Bilmem farkında mısınız; artık sosyal medyada, gazetelerde, televizyonlarda gördüğümüz, okuduğumuz pek çok şeye inanmıyoruz. Öyle ‘eskiden de öyleydi’ falan demeyin…
Hepimiz bunun farkındayız. Artık algı operasyonu diye bir kavram var ve maalesef bir toplumu bir arada tutan en önemli değer olan dürüstlük, şeffaflık sizlere ömür.
Algı operasyonları belki yeni keşfedilmedi, hep vardı ama onu hayatımıza bir siyaset tarzı olarak, bu kadar çirkef bir şekilde sokan FETÖ oldu.
Hepimiz çok sonradan öğrendik ki FETÖ, bizzat kendisi bir algı operasyonuydu; 40 yıllık bir yalandı.
İnsanları Allah’la, peygamberle, gözyaşı ile kandırdı. Samimiyeti de, inancı da yalandı.
Halkın önünde ‘ben o peygamberin kıtmiriyim-köpeğiyim’ derken, aslında kendisini kainat imamı olarak görüyor ve müritlerine, kendisini bu şekilde kabul ettiriyordu. Bu ülkenin insanları için olmadık fedakarlıklar yaptıklarını söylerken, bu ülkeye ait herşeyi elinden almanın hesabını kitabını yapıyorlardı.
Daha ilk gününden beri hayatımızda algı operasyonları ile giren FETÖ, çok şükür ki, bize en büyük darbesini indirmeden o gafletten uyandık. Aslında o darbeyi indirdi de 243 şehit, onu canlarıyla savuşturdu.

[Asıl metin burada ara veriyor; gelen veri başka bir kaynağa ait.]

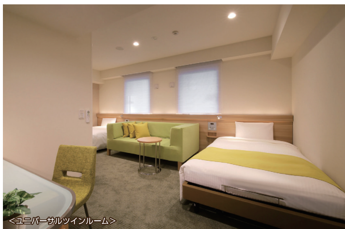
<ユニバーサルツインルーム>
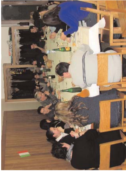
Maipei baten inguruan aritu ziren 28 solaskide, jan eta jai: hitz eta pizza.

12 urte pasa dira Solaskide programa Lasarte-Orian abiatu zenetik. Hasieran taide handitan bitzen ziren euskaldun zaharrek eta euskaldun berriak elkarrekin hitz egiteko. Duela bi urte birakuntza eman, eta orain taide xikitzen bitzen dira, gehienez lau euskaldun berri eta euskaldun zahar batekin taidea osatuz. Gainera, orain parte hartzen dituzten zalebatasunak arreta gehiago jartzen da, inguruko profila dituenak elkartzeko. Hala ere, euren taldeetara soilik ez mugatzeko, eta harremanak sortzeko atari ederra antolatuta zuten pasa den ostegunean. Lotsak kenduz, euskaraz gozatu zuten.
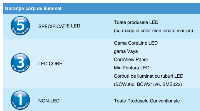
Tabelul 1: Perioada de garanție pentru Corpuri de Iluminat Profesionale de Interior Philips

Sub rezerva dispozițiilor stabilite în Termenii și Condițiile de Garan ie, Cump r torul prime te garan ie pentru perioada aplicabil , a a cum este descris în tabelul 1 i 2.
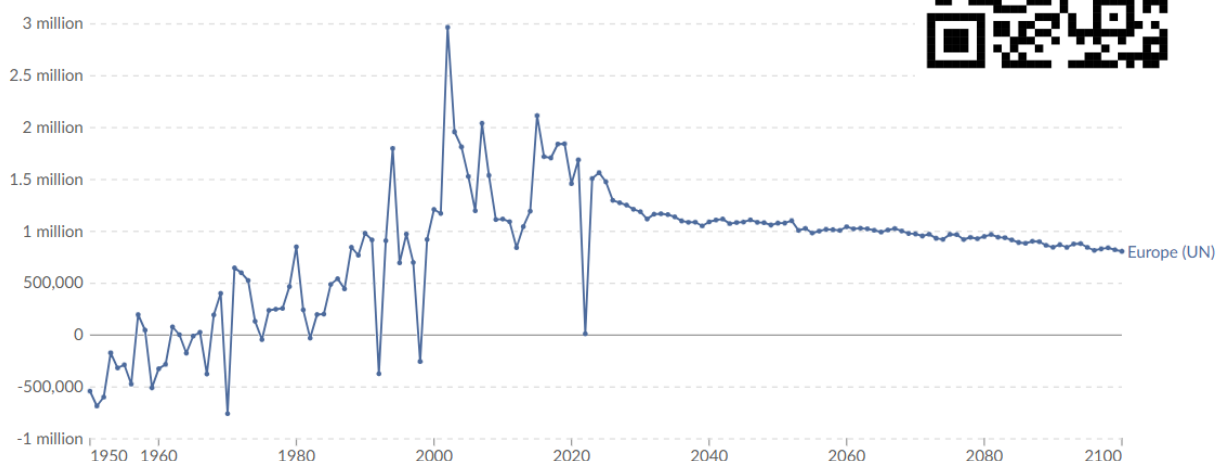
Migrační saldo celé Evropy od roku 1950 s předpovědí do roku 2100
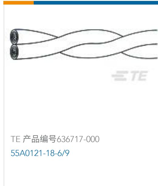
TE 产品编号636717-000 55A0121-18-6/9
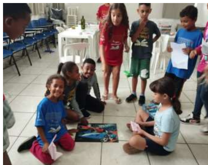
Ofic. Lazer e jogos / quebra-cabeça 06/12/23
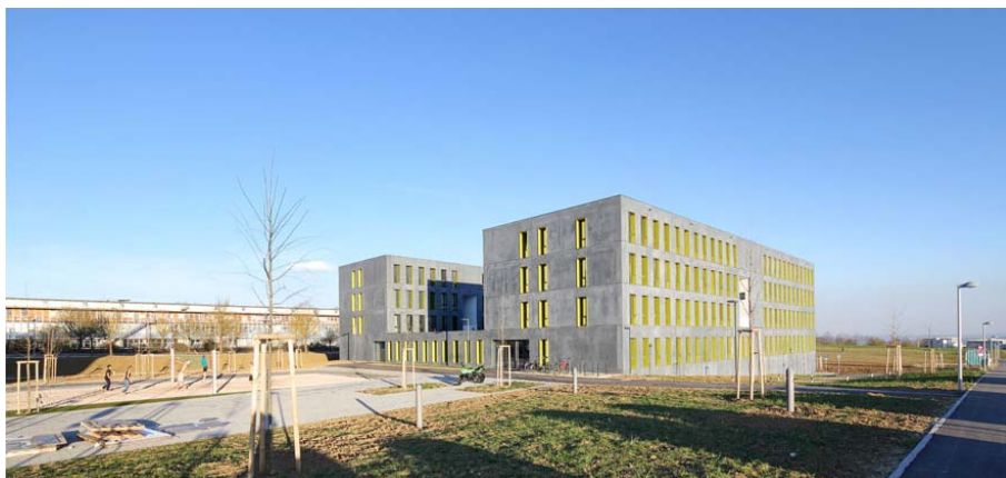
Campus Oberer Eselsberg_E72T5419
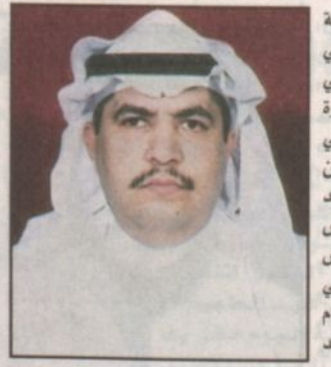
بقلم: عبدالعزیز بن عثمان الناصر

■ بهذه المناسبة الغالية والعظيمة في أن واحد يسرني السقوط إن زيارة صاحب السمو الملكي الأمير عبدالله بن عبدالعزيز ولي العهد نائب رئيس مجلس الوزراء رئيس الحرس الوطني وصحبه الكرام لمدينة الملك فهد الطبية اليوم تأتي لتتويجاً ودعماً للقائمين على أمر الصحة على مستوى مملكتنا عموماً
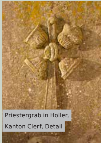
Priestergrab in Holler, Kanton Clerf, Detail
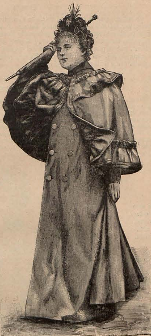
Núm. 3.—Impermeable con esclavina.
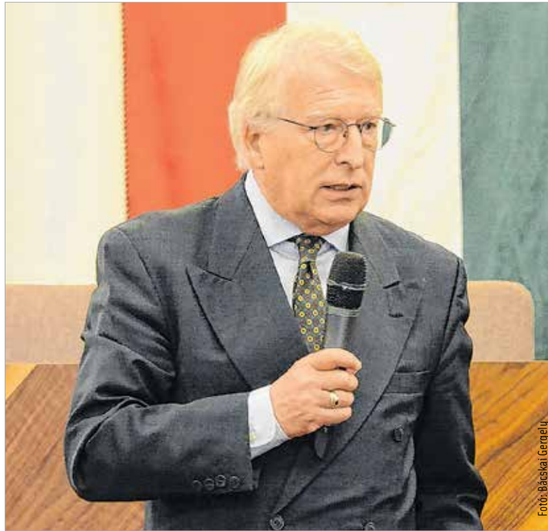
Először ülésezett a Duális Képzési Tanács Székesfehérváron

ötezer álláshelyből csaknem háromezer még mindig betöltetlen.
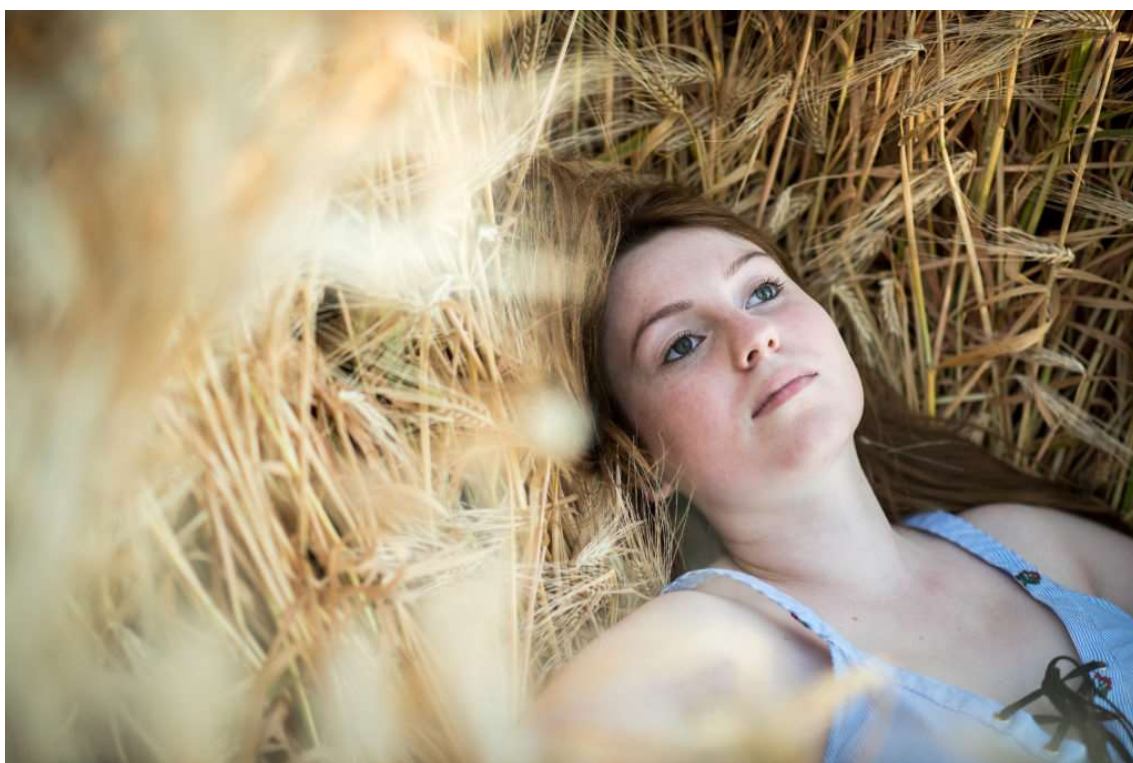
Portrait d'été
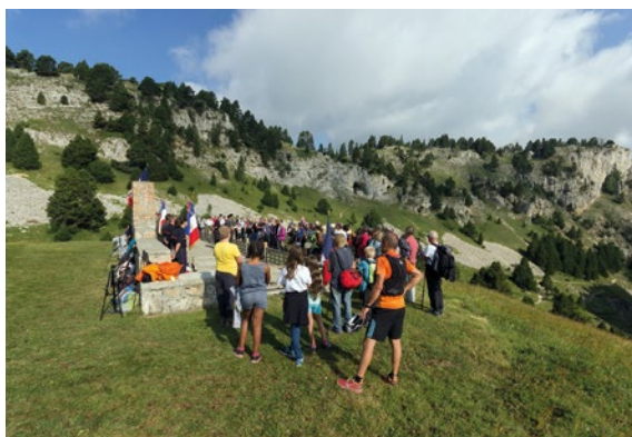
Nécropole du Pas de l'Aiguille.

Présents sur la totalité du territoire national, les nécropoles nationales et les hauts lieux de la mémoire nationale sont une porte d'entrée à l'éducation citoyenne. Un accueil personnalisé sur ces sites permet de mettre en lumière, à travers les parcours de combattants ou victimes civiles, l'histoire nationale et locale ainsi que l'histoire du site.
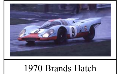
1970 Brands Hatch
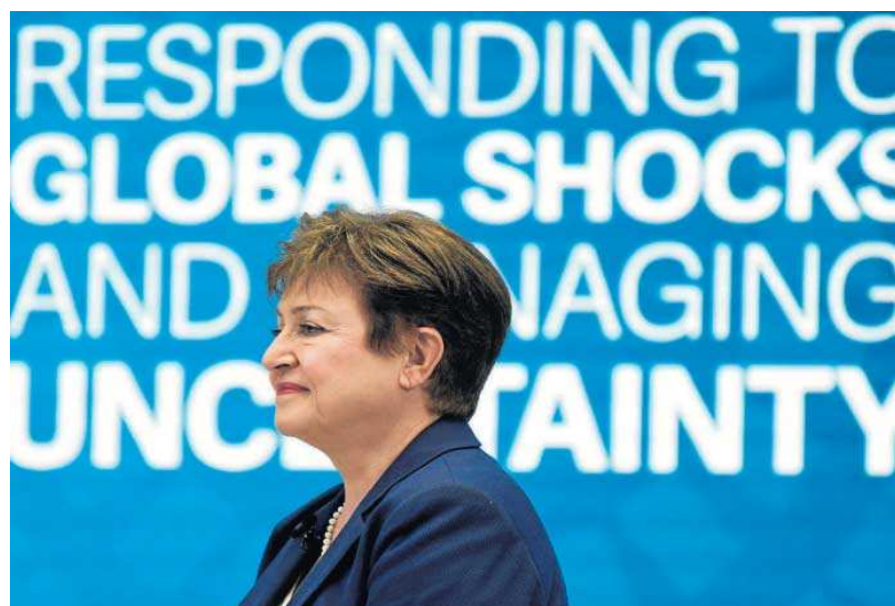
La directora gerente del Fondo Monetario Internacional (FMI), Kristalina Georgieva, el martes en Washington.

Esta reducción paulatina del déficit refleja, a juicio de los ana-
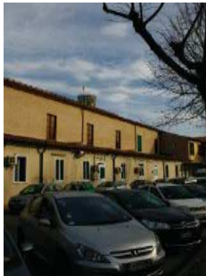
Prospetto Sud Anatomia
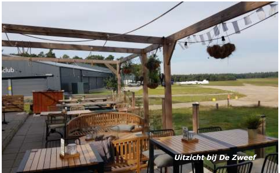
Uitzicht bij De Zweep

Een volgende bezienswaardigheid nadert. We komen op Landgoed Mookerheide met het prachtige jachtslot dat meer dan 100 jaar geleden in jugendstil gebouwd werd. Aan de voorzijde lag een rozentuin en een vijver met fontein en een ijskelder. Hier werd het ijs uit de winter opgeslagen zodat de bewoners deze kelder konden gebruiken als koelkast. Tussen 1947 en 1985 was het complex in eigendom van de Zusters van Dominicanessen van Bethanië. Natuurmonumenten heeft het jachtslot met tuinen en
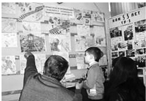
Діти залізничників у захваті від участі у тематичному конкурсі і подарунків, отриманих від профкому Лиманського локомотивного депо регіональної філії «Донецька залізниця»...
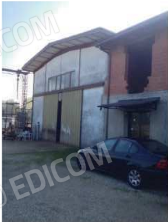
LOTTO 2 - Capannone e ingresso uffici
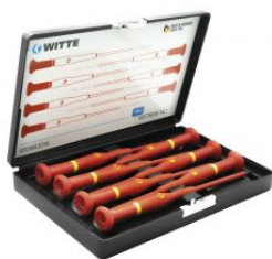
Juegos de destornilladores de precisión WITTRON VDE en estuche de plástico antichoque
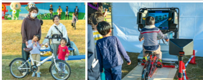
抽選で当選した自転車
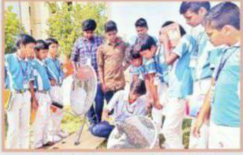
విద్యార్థులకు పలు విషయాలపై అవగాహన కల్పిస్తున్న ధృశ్యం
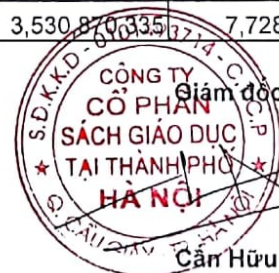
Cần Hữu Hải
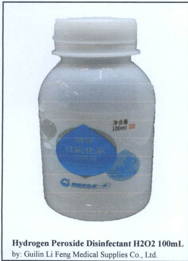
Hydrogen Peroxide Disinfectant H2O2 100mL by: Guilin Li Feng Medical Supplies Co., Ltd.
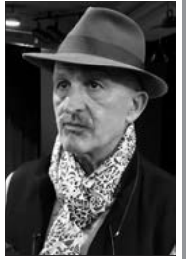
Reza Degati, dünya şöhrətli fotoqraf

"Ən maraqlı mənzərə ilə Laçında qarşılaşdıq"
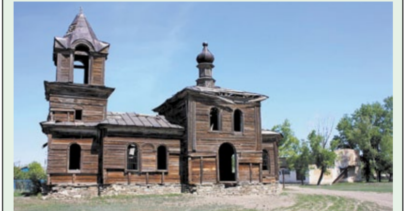
Село Подгорное. Храм в честь Покрова Пресвятой Богородицы.

Никольское, Ильинка, Подгорное – три самобытных села с большой историей. Основаны в 18 веке вдоль реки Урала, они с честью служили южным форпостом Российской Империи. Сюда приезжали царские особы, и тут проходили ожесточенные бои с крестьянской армией Емельяна Пугачева. Во время путешествия по России и Сибири 1837 года эти места посетил цесаревич Александр Николаевич (будущий царь Александр II), а в 1891 году – цесаревич Николай Александрович (будущий царь Николай II). Сегодня в деревнях сохранились уникальные дореволюционные постройки: церкви, мечети и магазины. Храм пророка Божиего Или в селе Ильинка и храм в честь Покрова Пресвятой Богородицы в селе Подгорное являются объектами культурного наследия России, прилагаются множество усилий в деле их восстановления и реставрации.
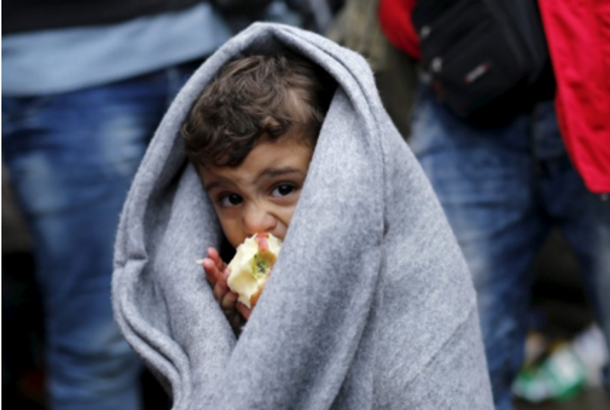
Figure 5. Un enfant mange une pomme en attendant de traverser la frontière pour entrer en Croatie, en octobre 2015.
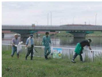
区域は河口から鳥取橋の間で幅は高水敷から堤防の上まで
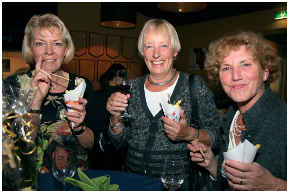
Deze dames genieten zichtbaar tijdens het "walking dinner" op de gezellige en drukbezochte vrijwilligersdag in 2009...
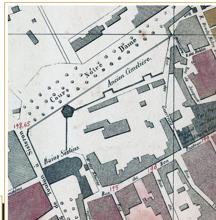
749 Extrait du plan de la ville d'Aix de 1848 (coll. privée).
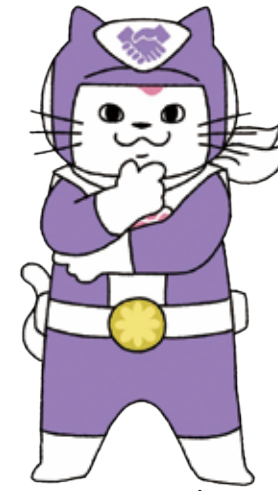
ユキマサ パープル (みんな)

行政書士は、すべての人の書類(パソコンやスマートフォンなどによるデジタルデータも含む)の作成及びその提出等の手続きを行う権利を擁護します。
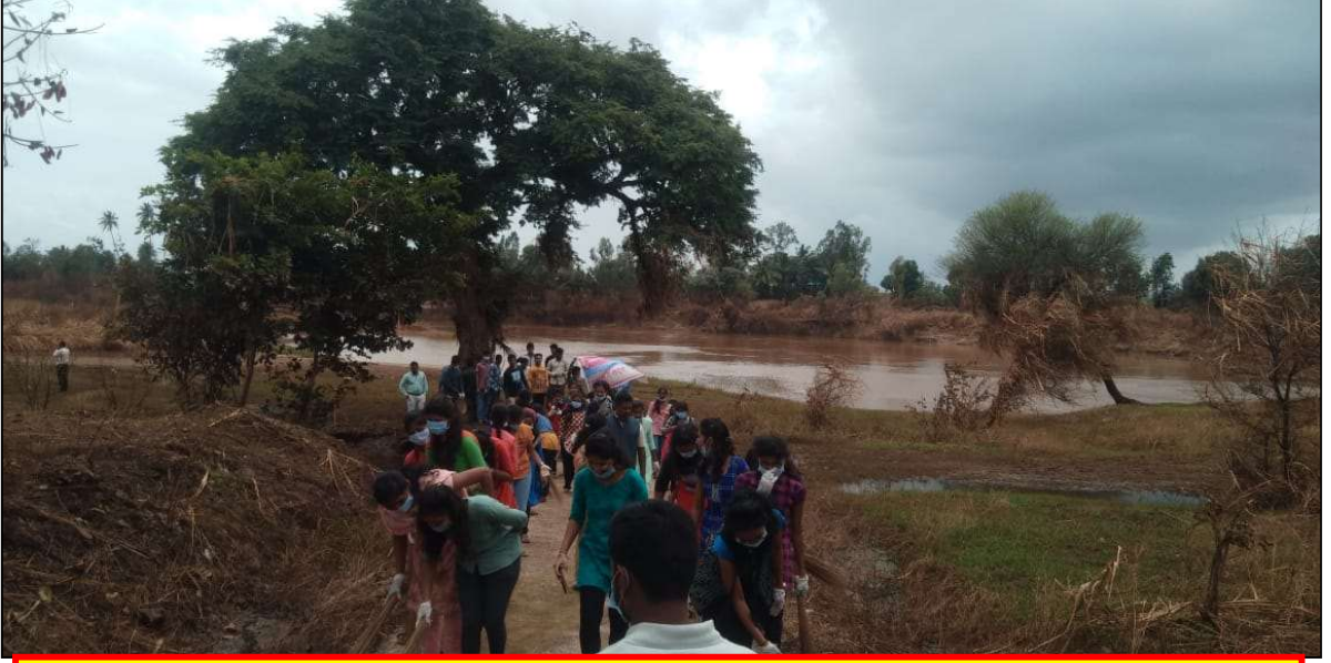
राष्ट्रीय सेवा योजनेचे स्वयंसेवक पूरग्रस्त जुने चावरे याठिकाणी स्वच्छता करताना
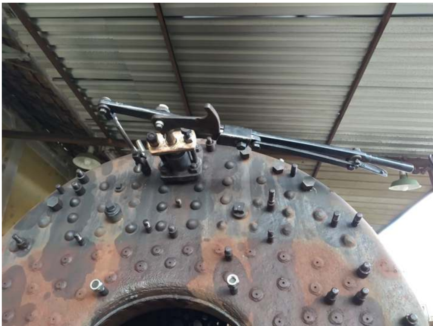
◆ Conjunto da alavanca do reguladro recuperado e já reinstalado na locomotiva nº 522 ex. RMV.

Prosseguem os trabalhos na locomotiva a vapor ALCO nº 522 ex. RMV. O conjunto da alavanca do regulador de vapor foi inteiramente recuperado e já está montado novamente na locomotiva.
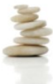
Platform IVZ Twente

Deze folder is tot stand gekomen in samenwerking met:
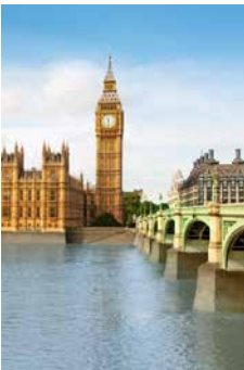
Big Ben, London

Eine Metropole wie ein Königreich: London. Hier können Sie während einer Panoramafahrt mit dem Bus am Buckingham Palast Ausschau nach der Königin halten, die ehrwürdige St.-Paul's-Kathedrale, den quirligen Trafalgar Square, Big Bens Uhrenturm, den Piccadilly Circus und noch viele weitere weltberühmte Sehenswürdigkeiten bestaunen. Und weil man von London nie genug bekommen kann, erleben Sie die Highlights der Stadt im Anschluss noch mal bei einer Minikreuzfahrt auf der Themse aus einer anderen Perspektive – vom Wasser aus. DOV02
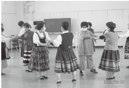
柳井市老人クラブ連合会
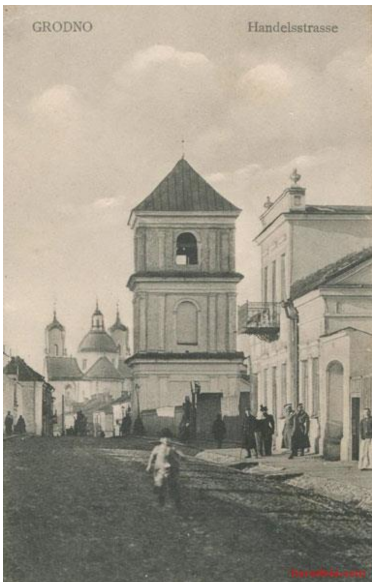
Званніца Брыгіцкага касцёла
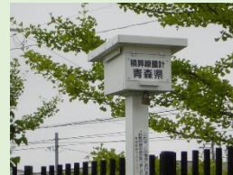
モニタリングポイント (3か月間の積算線量を測定)
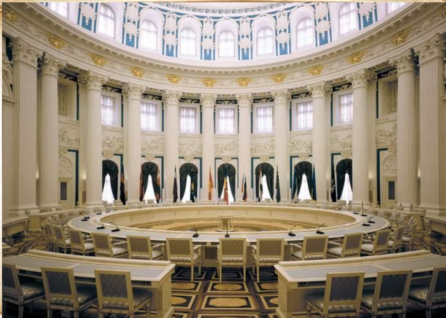
Екатерининский зал дворца.
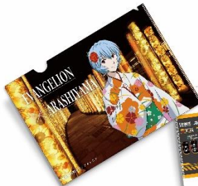
嵐電オリジナルクリアファイル 全1種 税込440円
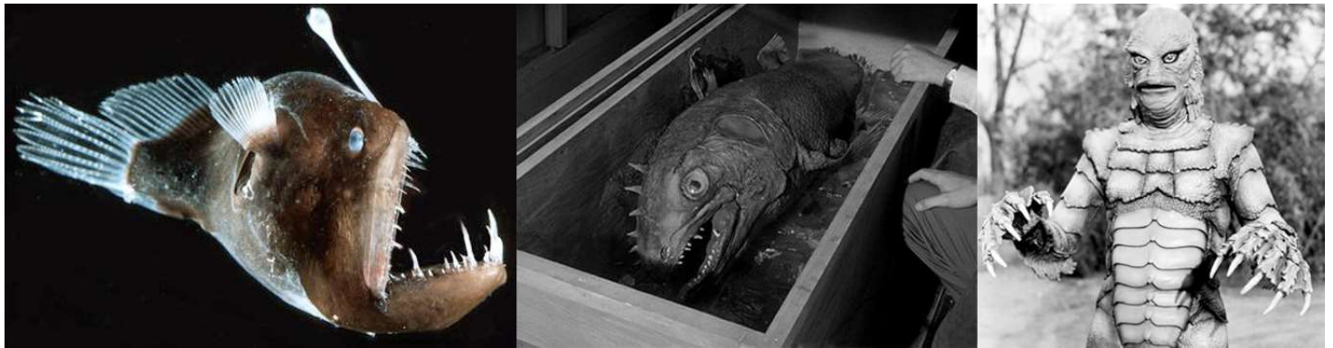
Baudroie de Johnson ( Melanocetus johnsoni )

envers symétrique des galaxies stellaires – l’extraterrestre du Météore de la nuit ressemble à une méduse, de The Space Children à une éponge ou un concombre de mer ; l’héritage en vient sans doute de H. G. Wells avant tout : « Dans l’abîme » de 1896, et de H. P. Lovecraft : « Le cauchemar d’Innsmouth » de 1931, et tous les extraterrestres qui de manière générale se sont réfugiés au fond des océans : Grands Anciens, Cthulhu...). Arnold ne pouvait, de toute façon, pas filmer de tels organismes : bien que l’Expédition du Challenger eût parcouru le monde, dès 1872, en effectuant les premiers relevés de profondeurs abyssales (jusqu’à 8 kilomètres), et découvert à cette occasion des centaines d’espèces alors inconnues, l’exploration des grands fonds, possible depuis l’invention par Otis Barton de la bathysphère en 1928 puis du bathyscaphe autonome vingt ans plus tard, par Auguste et Jacques Piccard, était encore très embryonnaire dans les années 1950. Mais on voit comment la nécessité de ces animaux s’impose d’abord dans les images , par leurs propres actes de vie. Le cinéma aura inventé ces formes de vie benthiques et pélagiques. Le public les connaît-il autrement, d’ailleurs, dans leur biotope que par les médiations des images enregistrées (pas de safari dans ces abîmes) ?
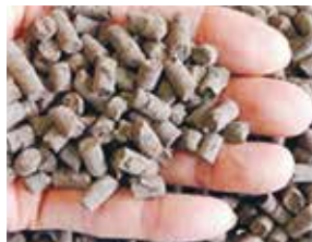
〈ペレット化した堆肥〉
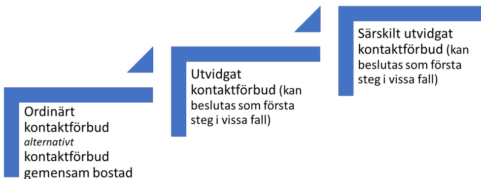
Bild 1 Kontaktförbudstrappan

FETÖ belki kendisi büyük bir tehlike olmaktan çıktı ama maalesef, algı operasyonlarını kalıcı bir şekilde hayatımıza soktu. Artık halkla ilişkiler uzmanları, PR’cılar, siyasi danışmanlar hepsi bu yalana sarılmış durumdalar.
Durup bir düşünün, hangi partinin veya hangi siyasetçinin söylediğine gözü kapalı inanabiliyoruz.
Maalesef, artık siyasi partiler de büyük firmalar da hatta her birimiz kendi çapımızda algı operasyonları ile muhatap olduğumuz herkese yalan söylüyoruz.
Bu ne kadar korkunç bir şey biliyor musunuz?
Bir toplumda hiç kimsenin söylediğine inanmayacak bir duruma gelmek, zifiri karanlıkta yaşamak demektir.
Bir toplumun temeline dinamit koymak demektir.
Lütfen gelin iş işten geçmeden bu yanlıştan dönelim. Özellikle siyasi partiler, halka doğru bilgiyi ulaştırmakla yükümlü gazeteler, televizyonlar, gazeteciler…
Şu algı yönetimi denilen tuzağa düşmeyin… Tanıtım yapmayı, halkla ilişkileri; yalanlarla olmayanı varmış gibi göstermekle karıştırmayın…
Ben bu ülkede bir şey duyduğumda, duyduğum şeyin içinde bir gıdım da olsa doğruluk bulunduğunu bileyim isterim.